他們對付不了這個鬼。這是我當時潛意識滋生出的想法。而事實上也差錯不多,那一幫子道士地藏師,回來的只有那三個對師傅表示不屑的糟老頭子,其他幾個年輕的,一個被嚇暈了,其他幾個,一出大門直接打車回府,壓根就沒回來的意思。
師傅對此只是淡笑着,老張卻急了,央求師傅出馬,而師傅對此的答覆只是五根指頭。
五萬!酬勞五萬,一個子都不能少。
也許大家會說我師傅貪財,除魔衛道又豈是金錢可以衡量。但事後師傅只是淡淡而談,說這是對老張的懲罰,爲什麼懲罰老張?看下去就知道了,說實話當時我也沒看出來,文質彬彬的老張,竟然是這種人。
師傅的要求不止如此,他還要老張的兒子隨我倆一同前往那樓捉鬼,按他的說法,冤有頭債有主,鬼也是有情感的,不相干的人去了,她壓根就不會當面現身。
其他地藏師聽到這個,都說我師傅裝逼,地藏師本來就是降鬼的,有實力道法齊上,將惡鬼打個魂飛魄散消滅掉就是了,管她有沒有情感。
而師傅對此話的迴應,只有兩個字——庸俗!
年幼的我當年並沒有理透這倆字真正的含義,只是跟着師傅和老張那消瘦的像骷髏似的呆滯兒,走上了對面的那棟老樓。

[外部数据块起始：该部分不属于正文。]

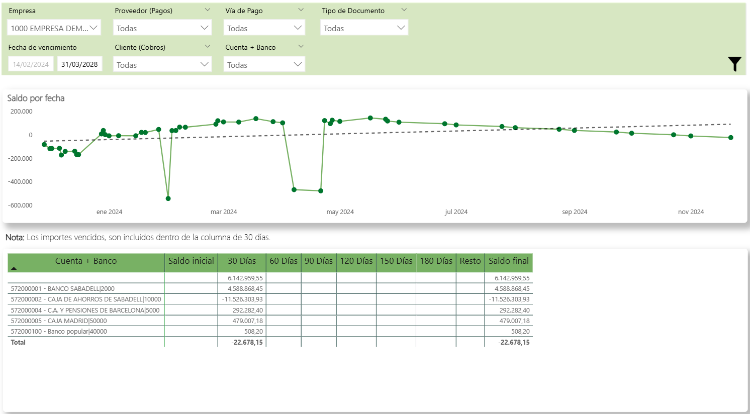 Tabla de tesorería por banco: Muestra cada cuenta bancaria con su saldo inicial, los importes distribuidos por tramos de vencimiento (30, 60, 90, 120, 150 y 180 días y Resto) y el saldo final. Cabe destacar que los importes vencidos son incluidos dentro de la columna de 30 días.

女鬼在三樓,準去的說是在二樓三樓之間的陽臺上面,我一上去就感覺陰風嗖嗖的,偏偏外面卻是風和日麗,光這點就夠讓人慎得慌。
師傅到這二話沒說,直接一把就把老張兒子給推了上去。
老張兒子自打進了這樓開始,就慢慢的有了一些表情,師傅推他上去的那一刻,我只感覺周圍狂風大作,吹的頭髮沙沙作響,外面原本清晰風景,不知道爲什麼,好像隔了一層紗似的看不清楚了。風吹的我後退兩步,結果突然感到背後一涼,那會我已經有種小腹發虛的便意,轉過頭,一張滿臉血紅咕嘟長髮及膝的鬼臉,就瞪着她沒有瞳仁的白眼對着我,我第一個反應就是膀胱鬆懈,尿了出來。
“呸!這麼多童子尿,浪費!”
師傅罵着敲打了我頭一把,我立馬感覺清醒許多,趕緊跑到師傅的身後躲着。。
我就躲在師傅的後面悄悄探出頭看,看着那女鬼拖着血紅色的長衫,漂浮到老張兒子的面前。她的脖子那有條黑線,黑線裡咕嘟咕嘟一直在冒血,整個樓梯口都被染紅,腳踩上去都有種粘稠的感覺。
我那時候想,這女鬼多嚇人啊?尋常人電視上看到點貞子扶桑嫂啥的都嚇夠嗆,這可比那貞子可怕多了!老張兒子一定得嚇到從樓梯口滾下去。
但,我猜錯了,老張兒子,哭了…
“冤有頭債有主,你害的不應該是他…”
師傅點了根菸叼在嘴角,他好像根本不怕鬼,就地坐在樓道里,對那粘稠的“血”視若無睹。
女鬼拖着紅袍,在老張兒子面前翩翩起舞,她親吻着他的臉,他的手,隨着她的親吻,老張兒子的身體開始發僵、變紫,那些被親吻過的地方,開始腐爛…
而老張兒子自己,從始至終連句話都沒有,他就在那裡哭泣,眼中充滿愧疚。
“我不想再說第三遍,冤有頭,債有主,你……”師傅似乎很無奈的站起來,將菸頭撩到地上,一腳踩滅,隨着煙霧徹底消失,他猛地擡頭怒吼,就像頭憤怒的獅子:“你聽不懂人話嘛!?”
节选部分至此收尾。